2. The composite thermally conductive pad according to claim 1, characterized in that: An insulating and thermally conductive layer is provided within the adhesive conductive layer; the insulating and thermally conductive layer is used to prevent short-circuit current from being conducted to the heat sink when a short circuit occurs in the heating element.
3. The composite thermally conductive pad according to claim 2, characterized in that: The insulating and thermally conductive layer is a boron nitride layer.
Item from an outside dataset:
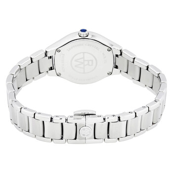 Stainless steel case with a stainless steel bracelet. Fixed stainless steel bezel set with diamonds. White mother of pearl dial with silver-tone hands and diamond hour markers. Roman numeral marks the 6 and 12 o'clock positions. Minute markers around the inner ring. Dial Type: Analog. Quartz movement. Scratch resistant anti-reflective sapphire crystal. Pull / push crown. Solid case back. Case size: 27 mm. Case thickness: 7.15 mm. Round case shape. Band width: 12 mm. Deployment clasp. Water resistant at 50 meters / 165 feet. Functions: hour, minute. Additional Info: in general, suitable for short periods of recreational swimming, but not diving or snorkeling. Luxury watch style. Watch label: Swiss Made. Item Variations: 5127 STS 00985, 5127.STS.00985, 5127STS00985. Raymond Weil Noemia Mother of Pearl Diamond Dial Ladies Watch 5127-STS-00985.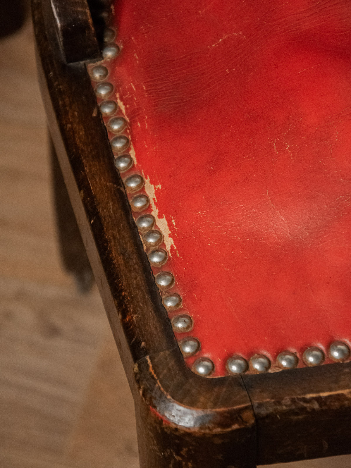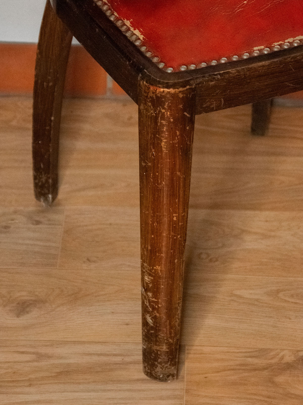 Adoptez ce fauteuil art-déco revêtu d'un cuir rouge clouté, dont le dossier aux rebords arrondis évoque une élégance rétro. L'assise, soutenue par des ressorts, promet un confort ferme et durable, tandis que la structure en bois révèle des lignes chaleureuses et sculpturales, idéale pour un salon ou une salle à manger en quête de caractère. Les proportions compactes le rendent facile à intégrer comme chaise d'appoint ou pièce maîtresse. Traces du temps sur le bois et le cuir.

4. The composite thermally conductive pad according to claim 1, characterized in that: The connecting frame is a graphene connecting frame, the heat-conducting sheet is a graphene heat-conducting sheet, and the heat-conducting plate is a graphene heat-conducting plate.
5. A composite thermally conductive pad according to claim 1, characterized in that: The heat-conducting spring is a beryllium copper alloy heat-conducting spring.
6. A composite thermally conductive pad according to claim 1, characterized in that: The thermally conductive powder is graphene thermally conductive powder or silver thermally conductive powder.
7. A composite thermally conductive pad according to claim 1, characterized in that: The heat-conducting wire is a silver-plated silk heat-conducting wire.
8. A composite thermally conductive pad according to claim 1, characterized in that: The adhesive conductive layer is an ultra-soft substrate material layer, which is a cured thermally conductive silicone.
9. A composite thermally conductive pad according to claim 1, characterized in that: The thermal composite is a Ni-Ti shape memory alloy thermal composite.